Ren did not scream. He did not wail.

He slowly stood up, his legs shaking from the strange energy coursing through him and the weight of the grief crushing his chest. He reached out and gently fixed the blanket, pulling it up to her chin. He smoothed her hair. He kissed her cold forehead.

"I promise," he whispered to the silence. "I will be the Warden."

Just then, the sound of the rain was overpowered.

Clop. Clop. Clop.

Heavy hooves on the mud. The creak of iron wheels. The jingle of expensive harnesses.

A carriage had arrived outside.

Ren turned to the door. The grief in his grey eyes hardened. It solidified, turning into a sheet of ice over a deep, dark ocean. He touched his right palm, feeling the hum of the strange power hiding there.

The door burst open.

Two knights in silver armor stood there, the rain sluicing off their pauldrons. The crest of a roaring lion—the Arken Sigil—was emblazoned on their chest plates. They looked around the filthy shack with sneers of disgust, until their eyes landed on the small boy standing by the deathbed.

"Ren Arken?" the lead knight barked.
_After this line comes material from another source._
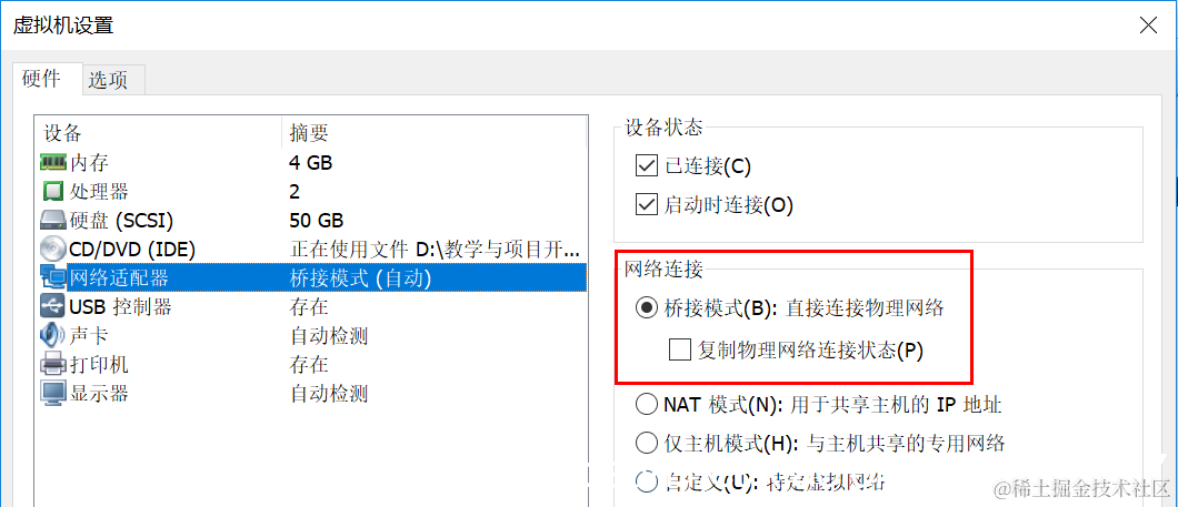 在虚拟机设置里也设置成桥接模式。

He didn't even look at the dead woman.

Ren stood straight. He smoothed his ragged tunic. He looked at the knight, not with fear, but with an eerie, placid evaluation.

"I am he," Ren said.

"Lord Valerius has summoned you. Grab your things. We leave now."

"I have no things," Ren said.

"Good. Then move. The horses hate this smell."
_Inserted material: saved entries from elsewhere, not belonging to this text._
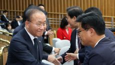 (서울=뉴스1) 황기선 기자 = 윤재옥 원내대표가 1일 오전 서울 여의도 국회에서 열린 원내대책회의에서 의원들과 악수를 나누고- 2023-12-01 08:58
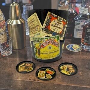 Vintage Roshco TileWare Cobalt Blue Baker Graphic Tile Ceramic Square Canister
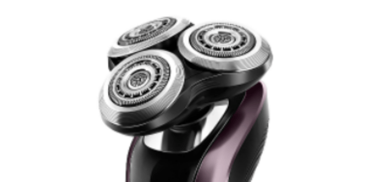 它家采用的是三刀头浮动结构,可以很好的贴合面部的轮廓。刮剃到下颌线整个位置的时候,由于起伏是比较大的。所以在刮剃胡须的时候,需要用手来调节刀头的角度。

Ren took one last look at his mother. I will come back for you, he vowed internally. I will give you a grave fit for a Queen. But first, I must survive the snakes.

He walked toward the door, stepping out into the cold rain, leaving his childhood behind in the dark.

[ System Alert ]

[ New Quest Generated: Survive the Lion's Den. ]

[ Difficulty: B-Rank. ]

[ Reward: Access to 'Row 1' of the Archive. ]

Ren looked at the blue text floating in the air—text that the knights seemed unable to see—and he didn't flinch. He simply climbed into the carriage.

End of Chapter 1 - Part 1

Summary of Events:

Ren's mother, Elara, passes away.

Ren inherits the Bibliotheca of Infinity (The Archive) from the previous hidden Keeper (Mad Old Hame).

Ren is collected by the Duke's knights, beginning his journey into the noble world.

The System initializes, offering his first Quest.